The review has three research questions to assess the viability of using TIDDs as indicators of deliberative dialogue. Combined, these three research questions help identify synergies between the deliberative and empirical literatures.
What is the reliability of the TIDDs? Reliability reflects the degree to which results obtained by a measurement process are reproducible (John & Benet-Martínez, 2014, p. 342; Shrout & Lane, 2012, p. 302). This research question addresses the replicability of a TIDD’s measurement method employed by the studies: manual coding, fully automated methods, or supervised machine learning.
What is the criterion validity of the TIDDs? Criterion validity reflects how accurately a measurement (or scale) correlates with a relevant outcome (Bryant, 2000, p. 106). This research question addresses how well TIDDs correlate with outcomes external to the dialogue text.
What is the construct validity of the TIDDs?
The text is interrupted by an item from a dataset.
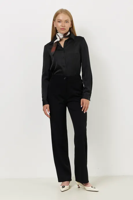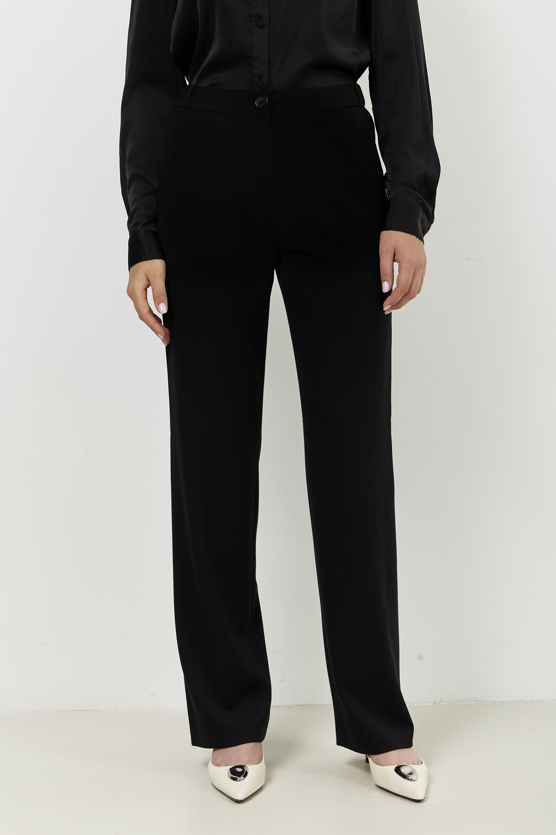 Брюки на высокой посадке, прямые, на резинке «Гларус» черные

Construct validity reflects how accurately a variable measures a target concept (Cronbach & Meehl, 1955). This research question addresses how well TIDDs fit the deliberative dialogue model (table 1, Friess & Eilders, 2015). Accordingly, RQ3 addresses the extent to which the identified TIDDs measure rationality, civility, interactivity, constructiveness, equality, and common good reference.
Methods
Search Strategy
Our target literature was any empirical article with a systematic operationalization of online dialogues. We targeted studies using NLP but also included those using manual coding. We identified the studies through two searches on three databases—Scopus, PsychInfo, and EmBase—in October 2020. The first search focused on Friess and Eilders (2015) dimensions and the second focused on the quality of dialogue. To further constrain the searches, we developed three additional lists of words. The first identified studies using online data. The second identified studies about dialogue. The third identified empirical studies with a systematic methodology. The full lists of search terms are in the supplementary materials (A – 1).
For a study to appear in the results, a word from each of the three lists needed to be in the “title, abstract, or keywords” for the Scopus search, or the abstract for the PsychInfo and EmBase searches. We chose the latter search option as it most resembled the Scopus option. All searches were limited to articles published in English with no time-period constraints.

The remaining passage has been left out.